I carefully shut Ben’s door behind me in a vain attempt to conceal the fact that I had trespassed into his domain, then made my way down the stairs and into the back yard to join Randall in the merriment of chucking gigantic darts into trees and – if we were lucky – a small furry mammal or two.
We broke open the box and took 2 each. We completely ignored the fact that this ‘game’ came with a gigantic plastic target that was to be laid out and used to gain points. What fun is it to hit targets you are SUPPOSED to hit??
We immediately adopted roles as our childhood heroes, Snake Eyes and Storm Shadow. In our little fantasy, they had both left their respective teams to form “Ninja Guys, Inc.”, a freelance group-for-hire much akin to the A-Team – only we were ninjas.
Every tree in the yard was impaled by these implements of destruction at least twice. We slinked around the house as if we walked on air, silent assassins who slew every enemy we could reach with our elite weaponry. Once we had silenced every evil-doer we could before it was just plain boring to stab sapling oaks and crate myrtles, we began taking aim at just about anything that was in our field of vision. Flower pots, passers-by on bicycles, cats, dogs – anything. Not actually being ninjas, we had absolutely horrible aim and hit exactly nothing we aimed at. This, too, became tedious after a while.
It was Randall’s idea to start gauging the height that we could each achieve – exactly the same excuse I gave my mother after what transpired.
Randall and I took turns lobbing the lawn darts straight up into the air, watching them fly upwards as far as our childish arms could toss them before arcing and plummeting to the earth, burying themselves in the soft sod that had just been laid out.
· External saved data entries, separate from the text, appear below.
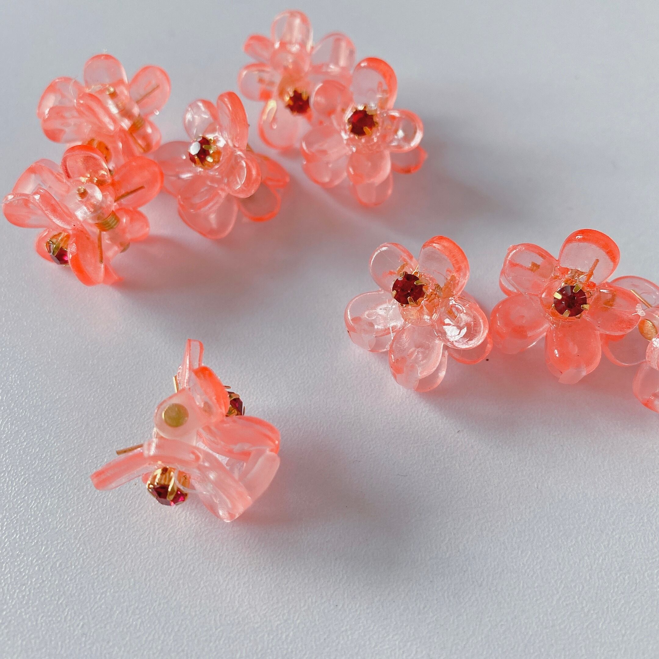 透け感ピンクとちっちゃなサイズ感、真ん中にもピンクのラインストーンで女の子モード全開のミニミニヘアクリップ♥♥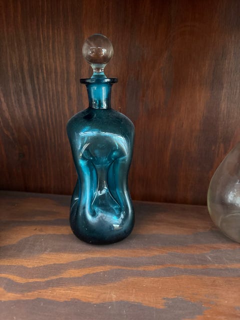 Blå glas karaffel med prop
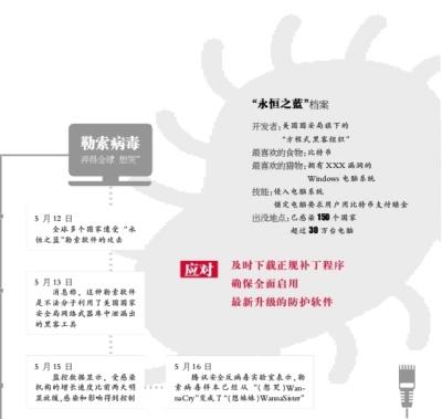 黄海涛说,此次“永恒之蓝”事件和以往大不相同的是,以往的勒索软件都需要受害者点击邮件附件,或者访问带毒网页才能触发。而“永恒之蓝”则采用了美国国家安全局泄漏的蠕虫工具进行传播,“不需要受害者任何动作,就可以主动传播和触发”,传播速度更快,破坏性更大,范围更广。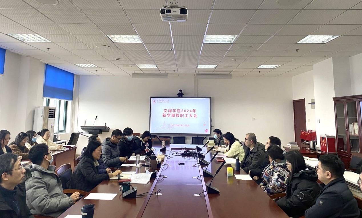 (通讯员:戴士崴)新学期伊始,春风和煦,万象更新。2月29日,文澜学院在文澴楼711会议室隆重举行“新气象、新征程”2023-2024学年春季新学期教职工大会,大会由文澜学院党委书记彭晓燕同志主持,院长龚强,副院长高楠、帅杰,以及学院全体教职工参加本次大会。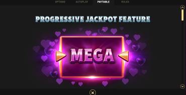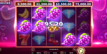В онлайн-слоте Heart's Desire 5 барабанов по 3 ряда в каждом. Игра использует 4 младших и 3 старших вида символов. Все они оплачиваются от трех штук на линии. Засчитываются комбинации из одинаковых символов, составленные слева направо. В слоте 30 фиксированных линий для выплат. Диапазон ставок — 0.3-120 евро. Максимальный выигрыш составляет х1787 от поставленной суммы. Бонусов немного, но зато с ними можно сорвать крупный куш. Они представлены фриспинами, специальными символами и джекпотами.

He had just set the record when my turn came, and I was determined to out-throw him.
I grabbed my dart underhand and bent at the knees. With the style and grace of a seasoned power lifter, I exploded upward while flinging the dart, which achieved a height previously unrecorded by modern instruments. It drove up and up and up – finally pausing in mid-air just long enough to change direction and begin its descent. We both stood there watching this winged javelin swoop directly downward.
Not wanting to get hit, I stepped to the side and watched as Randall – who wasn’t nearly that clever – proceeded to unintentionally catch the dart via his left trapezium and shoulder.
I was in shock. Before me was a skinny shirtless kid with a gigantic lawn dart sticking out of his neck. Randall looked over at the dart then looked back at me. Calmly, he said “Wow. It doesn’t really hurt.”
Then he fell over.
I just stood there, completely frozen due to my immense fear. There was NO WAY I could hide this from my brother now.
Luckily, Mr. White - our across-the-street neighbor - happened to witness the whole event while trimming his hedges. Being of far sounder mind than I was at that moment in time, he sprinted over to us and began asking if Randall was ok. I couldn’t understand a word he said – every sound entered my ears and echoed as if spoken into a five gallon drum.
He ran up to the house and knocked loudly, shouting for help. My mother opened the door and proceeded to shriek as she saw Randall laying there with the red-and-green-finned implement jutting out of his shoulder. She ran back in and dialed 911 who immediately responded with an ambulance and 2 police cars – which I presumed were there to haul me to jail for the murder of Randall Cunningham. Not an altogether bad consequence, considering the slow and merciless torture that awaited me at the hands of my barbaric older brother once he found out about this.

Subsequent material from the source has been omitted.